• GIVEN INFORMATION
####

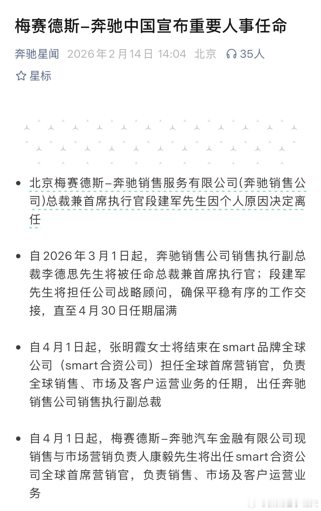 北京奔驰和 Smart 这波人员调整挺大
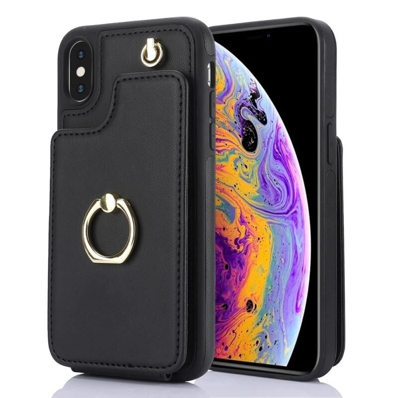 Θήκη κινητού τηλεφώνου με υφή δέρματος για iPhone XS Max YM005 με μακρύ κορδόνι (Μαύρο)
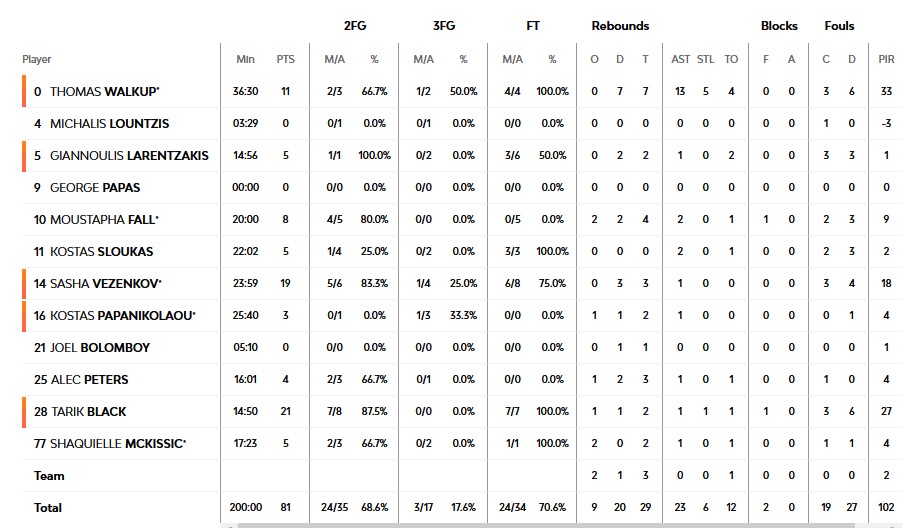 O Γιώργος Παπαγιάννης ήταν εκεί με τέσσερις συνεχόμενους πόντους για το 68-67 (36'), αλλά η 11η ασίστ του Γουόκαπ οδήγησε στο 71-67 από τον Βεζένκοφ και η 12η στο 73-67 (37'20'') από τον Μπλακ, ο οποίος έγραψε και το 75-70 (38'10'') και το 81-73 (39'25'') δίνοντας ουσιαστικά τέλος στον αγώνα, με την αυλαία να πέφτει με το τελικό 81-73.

####

• TASK OBJECTIVE
Write out the material above once more, word for word. Images stay out.

• RESULT OF THIS EXERCISE
 北京奔驰和 Smart 这波人员调整挺大
 Θήκη κινητού τηλεφώνου με υφή δέρματος για iPhone XS Max YM005 με μακρύ κορδόνι (Μαύρο)
 O Γιώργος Παπαγιάννης ήταν εκεί με τέσσερις συνεχόμενους πόντους για το 68-67 (36'), αλλά η 11η ασίστ του Γουόκαπ οδήγησε στο 71-67 από τον Βεζένκοφ και η 12η στο 73-67 (37'20'') από τον Μπλακ, ο οποίος έγραψε και το 75-70 (38'10'') και το 81-73 (39'25'') δίνοντας ουσιαστικά τέλος στον αγώνα, με την αυλαία να πέφτει με το τελικό 81-73.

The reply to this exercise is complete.